You will not belive I am still struggeling to get tockets for 15 Feb Match. 

People say job market is good / bad / biased. I just say one thing, if you have done good networking and have good brands on your profile, things can definately work anytime. Specifc to Project Management, I would recommend dont stick to it, if things dont work then jump one step down. In 1 or max 2 years you can come back to your profile. Send me message if you have any specific questions... will try to help you out.


----------



## lifeisajourney (Sep 3, 2013)

WC2015inOZ said:


> You will not belive I am still struggeling to get tockets for 15 Feb Match.
> 
> People say job market is good / bad / biased. I just say one thing, if you have done good networking and have good brands on your profile, things can definately work anytime. Specifc to Project Management, I would recommend dont stick to it, if things dont work then jump one step down. In 1 or max 2 years you can come back to your profile. Send me message if you have any specific questions... will try to help you out.

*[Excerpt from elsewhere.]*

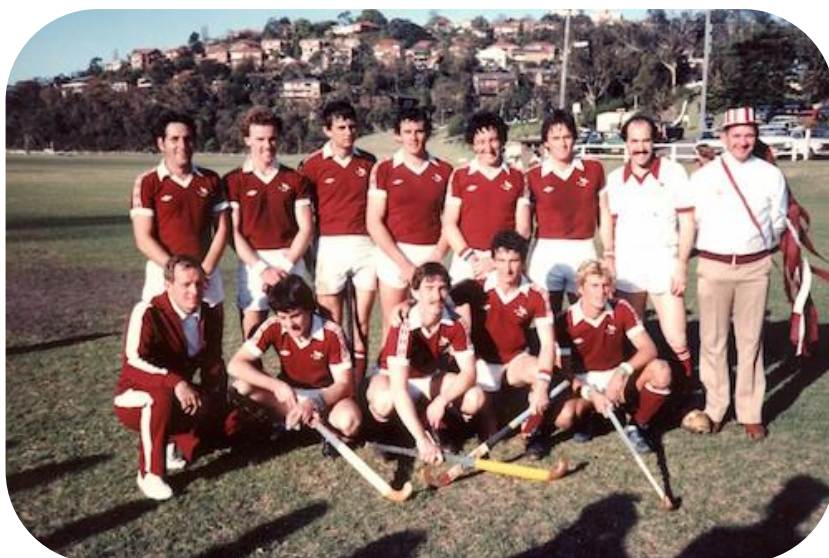
GDHC 1982 1st Grade Premiership winning side at Primrose Park North Sydney.

oh really...it's that difficult to get tickets...

I have send you a message....


----------



## WC2015inOZ (Mar 28, 2014)

lifeisajourney said:


> oh really...it's that difficult to get tickets...
> 
> I have send you a message....


Dude for that match, tickets were sold in 1 hour of opening the tickets. :smash:

Replied to your message.


----------



## Mumbai2Aus (Oct 21, 2014)

Thanks a lot for the info. Really helpful knowing experience of people taking the leap!


----------



## madrag (Mar 12, 2013)

To all java guys!

Atlassian (guys who made jira, confluence etc...) is doing a hiring tour across australia and they say they need some 200 people.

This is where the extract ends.